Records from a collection

● ● ● ● ● ● ●

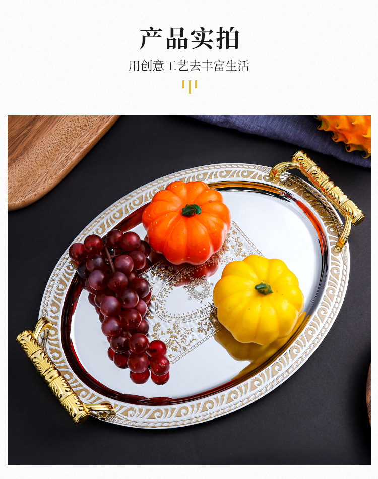 골드 핸들 타원형 빈티지 스테인레스 스틸 트레이 호텔 케이터링 인쇄 트레이 가정용 스낵 과일 저장 트레이 재고스토어 가기
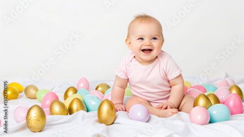 © Wonderful Studio, Obraz premium Easter egg baby. Happy baby surrounded by colorful Easter eggs on a light background.
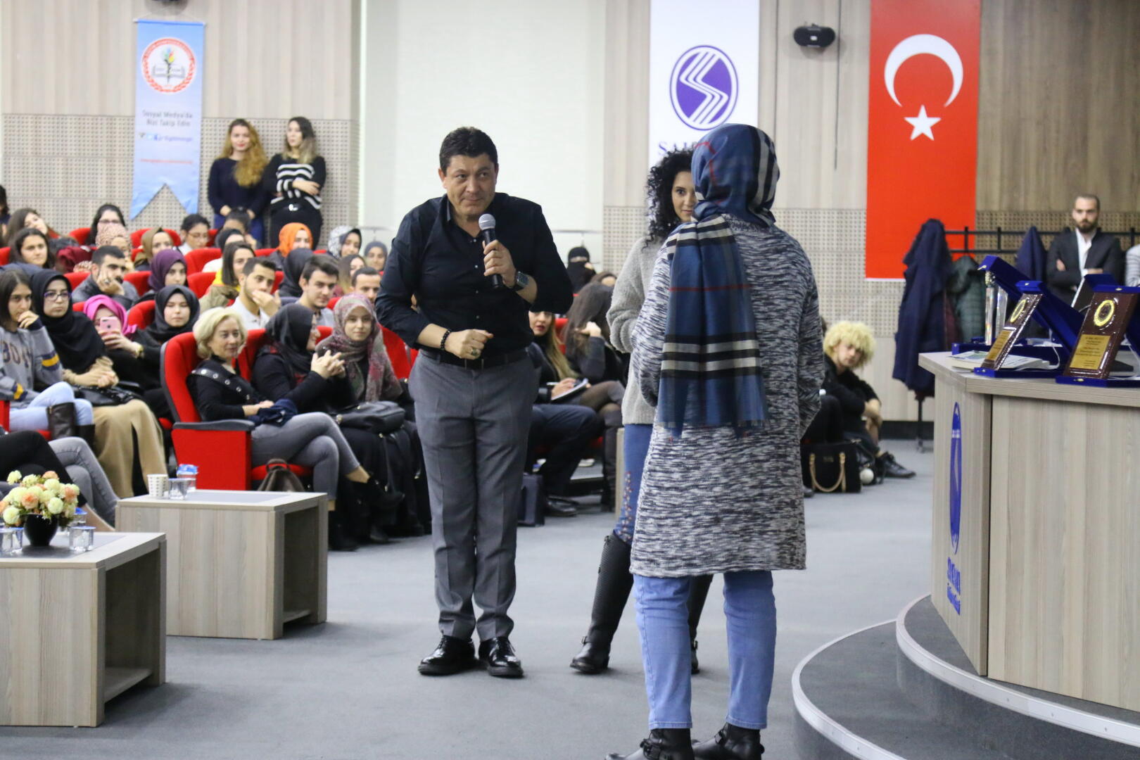 NLP Uzmanı Harun Gökçekaya ise seminerde motivasyon sağlama, hedef belirleme yöntem ve teknikleri, CV oluşturma, duygu yönetimi konularında eğitim verdi. Gökçekaya, “Kendimizi keşfetmediğimiz zaman yapamayacağımızı düşünüyoruz. Hepimiz çok özeliz, çok farklıyız. Biz o kadar çok şey ifade ediyoruz ki olmazlarımız, hayalleriniz, neleri başarabileceğiniz noktasında düşündüğünüz zaman gerçekten çok şeyi aşabilecek güç ve enerji yalnızda sizde” ifadelerini kullandı. Öğrencilere de bazı tavsiyelerde bulunan Gökçekaya, “Bölümünüz ne olursa olsun ne öğrendiğinizden çok öğrendiğiniz bilgileri aktarabilmeniz önemli. Bir alan seçip kendinizi o alanda geliştirin. Bilgilerinizden emin olun ve kendinize inanın. Çok iyi işler, projeler doğru ifade edilemediği için ilerleyemiyorlar. Kendinizi doğru ifade ettiğiniz an yaptıklarınız anlam kazanıyor” şeklinde konuştu.
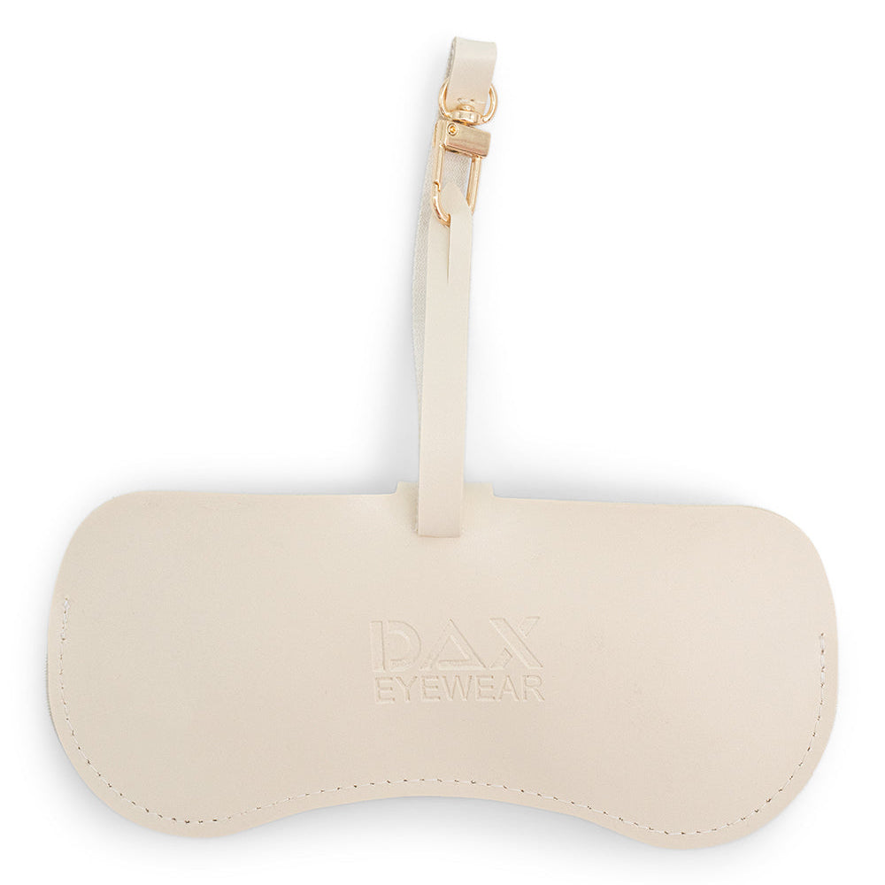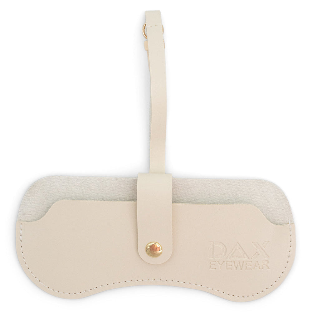 - Eyewear Clutch in Beige - Elegant Beige Clutch crafted from vegan leather, accented with gold-tone clip and snap hardware.
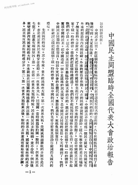 2-中国民主同盟临时全国代表在会政治报告
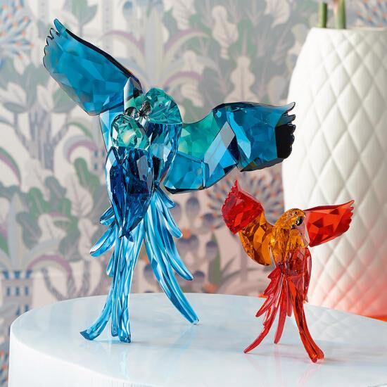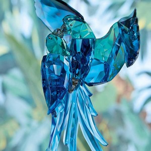クリスタルパラダイス・コレクションの目を奪う一品。熱帯雨林にインスパイアされて作られた、鮮やかなブルーのペアのオウムは、心の絆を象徴しています。クリスタルのみで制作された大型の作品では初めて、台座を使わず自立できるデザインを実現。
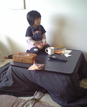 テーブルの上に正座してテレビを見るカエデ(´〜`;)
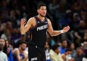 第一節(jié),太陽球星布克高效發(fā)揮,打滿12分鐘10投6中,罰球3中3砍下15分2籃板1助攻。

● ● ● ● ● ● ●

**ACTION ITEM**
Write out, exactly and with nothing added, every line from the one that holds "- Eyewear Clutch" to the end of the entries above; pictures stay out.

**RESULT**
 - Eyewear Clutch in Beige - Elegant Beige Clutch crafted from vegan leather, accented with gold-tone clip and snap hardware.
 2-中国民主同盟临时全国代表在会政治报告
クリスタルパラダイス・コレクションの目を奪う一品。熱帯雨林にインスパイアされて作られた、鮮やかなブルーのペアのオウムは、心の絆を象徴しています。クリスタルのみで制作された大型の作品では初めて、台座を使わず自立できるデザインを実現。
 テーブルの上に正座してテレビを見るカエデ(´〜`;)
 第一節(jié),太陽球星布克高效發(fā)揮,打滿12分鐘10投6中,罰球3中3砍下15分2籃板1助攻。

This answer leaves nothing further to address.